[meteorite-list] Giant Asteroid Fragment Makes Impact

From: Ron Baalke <baalke_at_meteoritecentral.com>
Date: Thu May 11 13:28:22 2006
Message-ID: <200605111726.KAA11559_at_zagami.jpl.nasa.gov>

Public Relations Office
Cardiff University
Cardiff, U.K.

May 11, 2006

Giant asteroid fragment makes impact

A first-ever discovery of a fragment from a giant meteorite which
crashed to Earth millions of years ago could cause a re-think about
asteroid collisions with our planet.

Dr Iain McDonald of the School of Earth Ocean & Planetary Sciences was
among the international research team who identified the 25cm sized
fragment, found in a frozen magma pool at the bottom of the giant
Morokweng crater in South Africa. The unique discovery, which has just
been published in Nature, gives a direct insight into what was happening
in the solar system 144 million years ago.

The researchers found the fossilised meteorite fragment 766m below the
surface whilst helping a company searching for copper and nickel in the
giant Morokwong crater in South Africa.

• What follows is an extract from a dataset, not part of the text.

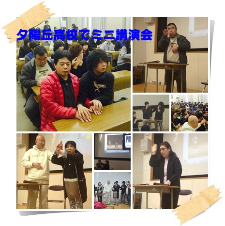 3月4日(火)、夕日丘高校で「障害について知ろう!」をテーマとした授業が行われ、 すまいるの盲ろう者4名がミニ講演会を行いました。

The international team comprised
researchers from South Africa, America, Canada and the Universities of
Cardiff and Glasgow.

Dr McDonald, who led the UK component of the research team, said: "This
was a huge stroke of luck, as had the borehole been sited just a metre
away, it may have missed the object altogether. For the first time it is
possible to hold in your hand an actual piece of a giant asteroid that
hit the Earth. This intact fragment may tell us a lot more about the
insides of asteroids than we currently know."

Scientists have long believed that large asteroids or comets are
obliterated by the enormous temperatures created when they collide with
the Earth. Smaller impact craters of less than 4 kilometers diameter
have been found to contain meteorite fragments. It was thought that any
asteroid generating a crater larger than 4 kilometres in diameter would
be completely destroyed, but the new discovery challenges that view.

Morokweng is a very large crater of 70 kilometres diameter, and the
fragment?s survival suggests the asteroid struck the Earth at a lower
speed than has been assumed in the past.

Dr McDonald, who analysed the composition of the fragment, revealed a
further twist to the story of the meteorite, of a type called an
ordinary chondrite.

He said: "Morokweng is no run of the mill meteorite. It shows some
striking differences when compared with other known meteorites, such as
the absence of iron-nickel metal. It appears that the Morokweng
meteorite may have come from a very different part of the parent
asteroid than other ordinary chondrites which currently fall to earth."

To highlight its unique status, fragments of the asteroid have gone on
display at the Science Museum's Antenna news gallery from Thursday 11th May.